All of the experiments in this paper involve instances of the UAR construction. Since our primary research question involves testing the capacity of representations trained for the authorship prediction task to capture stylistic features, we select this construction because there is prior evidence that the representations it engenders perform well at zero-shot cross-domain transfer, for certain combinations of source and target domains, which likely requires some degree of stylistic sensitivity (Rivera-Soto et al., 2021).

By design, our analysis is focused on aggregate model behavior. While this addresses the high-level research questions we pose in the introduction, such global analysis does not enable predictions about which specific local features are involved in model predictions. As such, an important avenue for future work lies in developing methods that can faithfully identify local authorship features. To this end, frameworks for evaluating the quality of explanations, such as Pruthi et al. (2022), are essential.
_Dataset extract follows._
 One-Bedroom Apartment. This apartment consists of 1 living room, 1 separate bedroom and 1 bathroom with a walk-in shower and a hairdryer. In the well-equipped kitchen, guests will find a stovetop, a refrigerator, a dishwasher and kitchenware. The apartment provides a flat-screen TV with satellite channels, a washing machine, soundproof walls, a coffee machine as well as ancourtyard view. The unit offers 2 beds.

Beyond the usual challenges of explaining the decisions of deep neural networks, explaining author style may pose further challenges, such as the need to identify groups of features that in combination predict authorship.
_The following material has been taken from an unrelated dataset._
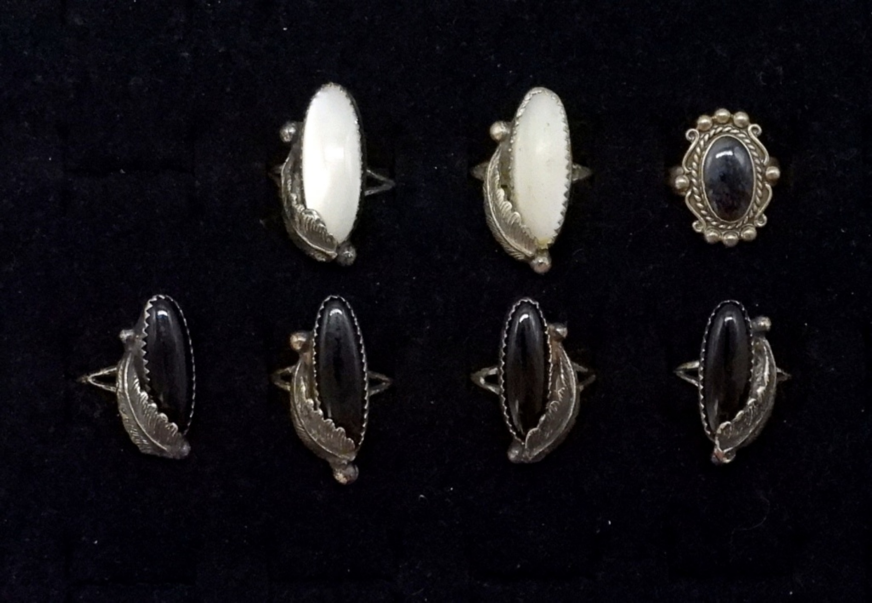 Seven sterling black onyx & mother of pearl rings. All very similar in style. Sizes 5-7.5 (18.7 dwt)

We emphasize that completely disentangling style from content may not be attainable, since certain aspects of writing likely blur the line between style and content (Jafaritazehjani et al., 2020). For example, we notice degradation in ranking performance of the SBERT model in Table 1, suggesting that to some extent, SBERT features are also stylistic. Nonetheless, UAR exhibits a markedly larger degradation in performance, suggesting a greater degree of sensitivity to writing style.

Broader Impact

This work contributes to the broader goal of formulating notions of content and style that constitute mutually exclusive and collectively exhaustive aspects of writing that may be embedded in orthogonal subspaces of a Euclidean space. Not knowing whether this ambition is fully realizable, but hopeful others will explore the question in future research, we resign ourselves in this paper to exhibiting two embeddings that accomplish the objective to a limited extent. Specifically, we focus on UAR, which we show to mostly encode style, and SBERT, which is widely assumed to encode content. This being an imperfect decomposition, the primary goal of this paper is to qualitatively assess the degree to which UAR encodes style rather than content.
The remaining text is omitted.